The last headland before turning into Lagos Harbour’s entrance is Ponta de Piedade. Its stunning cliffs are made of horizontal layers in the colours of yellow ochre and sandstone. In places they have crumbled vertically into something resembling ancient Greek columns. Below them, at the base of these cliffs, are large caves. Clustered around them are open boats full of tourists under brightly coloured canopies. Their festive air is a welcome contrast to a black and turbulent night and the oppressiveness of dense fog.

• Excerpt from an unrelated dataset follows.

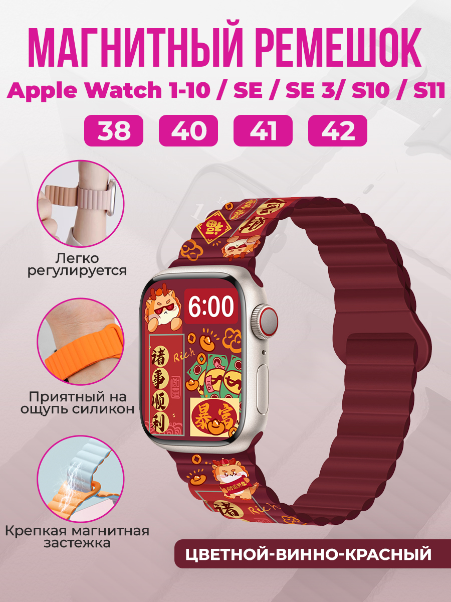 Магнитный силиконовый ремешок для Apple Watch 1-9 / SE / SE 3 (38/40/41 мм), 11, S10/S11, 42 мм, цветной-винно-красный

On top of the headland itself there is an elegant lighthouse. As northern sailors David and I are used to lighthouses that are tall grey granite cylinders. This one is a cream-coloured Mediterranean palace with palm trees on either side. The charm of this stretch of coast is further enhanced by the fact that for some miles now the land above us has smelled of warm cinnamon.
Down on the water, meanwhile, the humid air hangs like grey gauze in the airless morning. The heat is almost tangible. And all around us small wooden fishing boats, painted in primary colours, loll motionless on a flat shiny sea.
30
Lagos
We enter Lagos Harbour at noon, pass the fishing dock and aim for the marina’s reception pontoon, where a trim Portuguese girl in a beige safari suit and a shoulder bag supervises the stocky youth tying us up.

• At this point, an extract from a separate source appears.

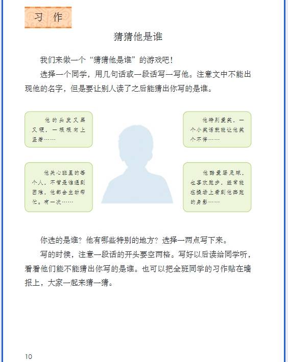 • 写作基础:乐于书面表达,能把自己看到的、听到的、想到的、做过的写清楚、写明白。学习写看图作文、观察日记、简单的记叙文等。

‘Wow!’ I say. ‘There’s efficient.’
When the youth has finished the girl tells David to go and register at the marina office. Once we have registered, she says, the swing bridge will be opened for us and we can go inside the marina and tie up to the berth we are allocated.
We have been warned that the Portuguese are keen on officialdom and paperwork. No other EU country seems to be interested in the movement of Eu
ropeans and European-registered boats except Portugal although so far, despite being in Portuguese waters for over a week, no-one has approached us. According to the literature, Lagos boasts a fast-track procedure. At other Portuguese marinas checking in often takes several hours.
David is gone a long time. He is hot and dishevelled when he returns. The report that follows is as he gave it.
It was a very long counter, he says, divided off into four sections. The first was Marina Administration. A woman in her late 20s, blue and white uniform, mini-skirt, black stockings with suspenders, stilettos, rubber truncheon, torch in the eyes. She wanted our home address, date of birth (both of us), the date our passports were issued, our ship’s registration papers, where we’ve come from, port of registry, our Small Ships Registration number, engine number and mast height.
I hold a cold compress to his forehead and he revives a little.
It just went on and on, he mumbles. The security code on our credit cards, pin numbers, past life experiences, the colour of our upholstery, which football team I support.
After Marina Administration had finished with him, he and our documents had been slid along the counter to Customs – a swarthy man with a cigarette in the corner of his mouth.
Have a cigarette, Tommy. They all talk in the end, you know. Resistance is useless.
Then Immigration and finally the Maritime Police (Coast-guard).
‘And the good news?’ I say.
‘E51 and 52,’ he says. ‘The whole finger, and someone will help us in.’